From: Avi K. <av...@qu...> - 2008-04-21 10:29:59

From: Anthony Liguori <ali...@us...>

This patch introduces a gfn_to_pfn() function and corresponding functions like
kvm_release_pfn_dirty().  Using these new functions, we can modify the x86
MMU to no longer assume that it can always get a struct page for any given gfn.

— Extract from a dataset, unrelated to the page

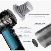 Questo aspirapolvere portatile a batteria offre un'aspirazione potente in un design compatto e portatile, che lo rende ideale per le pulizie quotidiane veloci e per le pulizie profonde. Grazie agli accessori versatili e alla ricarica USB, è perfetto per chi possiede un'auto, un animale domestico o una famiglia molto impegnata.

We don't want to eliminate gfn_to_page() entirely because a number of places
assume they can do gfn_to_page() and then kmap() the results.  When we support
IO memory, gfn_to_page() will fail for IO pages although gfn_to_pfn() will
succeed.

This does not implement support for avoiding reference counting for reserved
RAM or for IO memory.  However, it should make those things pretty straight
forward.

Since we're only introducing new common symbols, I don't think it will break
the non-x86 architectures but I haven't tested those.  I've tested Intel,
AMD, NPT, and hugetlbfs with Windows and Linux guests.

[avi: fix overflow when shifting left pfns by adding casts]

Signed-off-by: Anthony Liguori <ali...@us...>
Signed-off-by: Avi Kivity <av...@qu...>
---
 arch/x86/kvm/mmu.c         |   89 +++++++++++++++++++++----------------------
 arch/x86/kvm/paging_tmpl.h |   26 ++++++------
 include/asm-x86/kvm_host.h |    4 +-
 include/linux/kvm_host.h   |   12 ++++++
 include/linux/kvm_types.h  |    2 +
 virt/kvm/kvm_main.c        |   68 ++++++++++++++++++++++++++++++---
 6 files changed, 133 insertions(+), 68 deletions(-)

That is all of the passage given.